Currently, surgical removal of the atrial myxoma is the most recommended treatment, as there are no medications that can prevent tumor growth (6). Symptomatic myxomas need to be surgically removed as soon as possible after diagnosis, and the surgical approach should allow for minimal manipulation of the tumor, provide adequate access for complete lesion removal, including the pedicle area, allow assessment of all four heart chambers, and be both safe and effective. It is generally observed that the prognosis for cardiac myxoma surgery is very favorable, with mortality rates below 3% (5).
The patient's prolonged clinical course reflects the insidious progression of the atrial myxoma growth. Furthermore, the external calcification process and adhesions of the tumor to the left atrial wall support the extended evolution time of the condition before the patient sought medical assistance.
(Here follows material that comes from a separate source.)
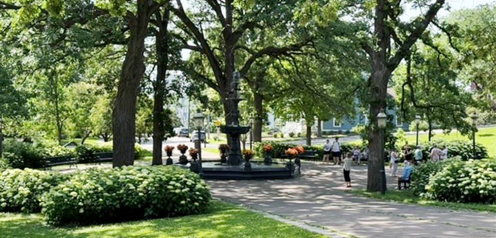 The grazing land eventually gave way to a formal New England style town square, with crossroads radiating out from a central fountain installed in 1881.

The choice of access to the thoracic cavity via right anterolateral thoracotomy was made due to both the pectus excavatum and the satisfactory access to the left atrium, the cardiac cavity of interest for tumor resection. The sternal reconstruction after a median sternotomy in a pectus excavatum patient might lead to a challenging and unique for the repair; the sternal adhesions and risk of cardiac injuries must be considered (15). In this case report, there was not the purpose of correction of pectus excavatum due to age, asymptomatic presentation and no patient’s desire.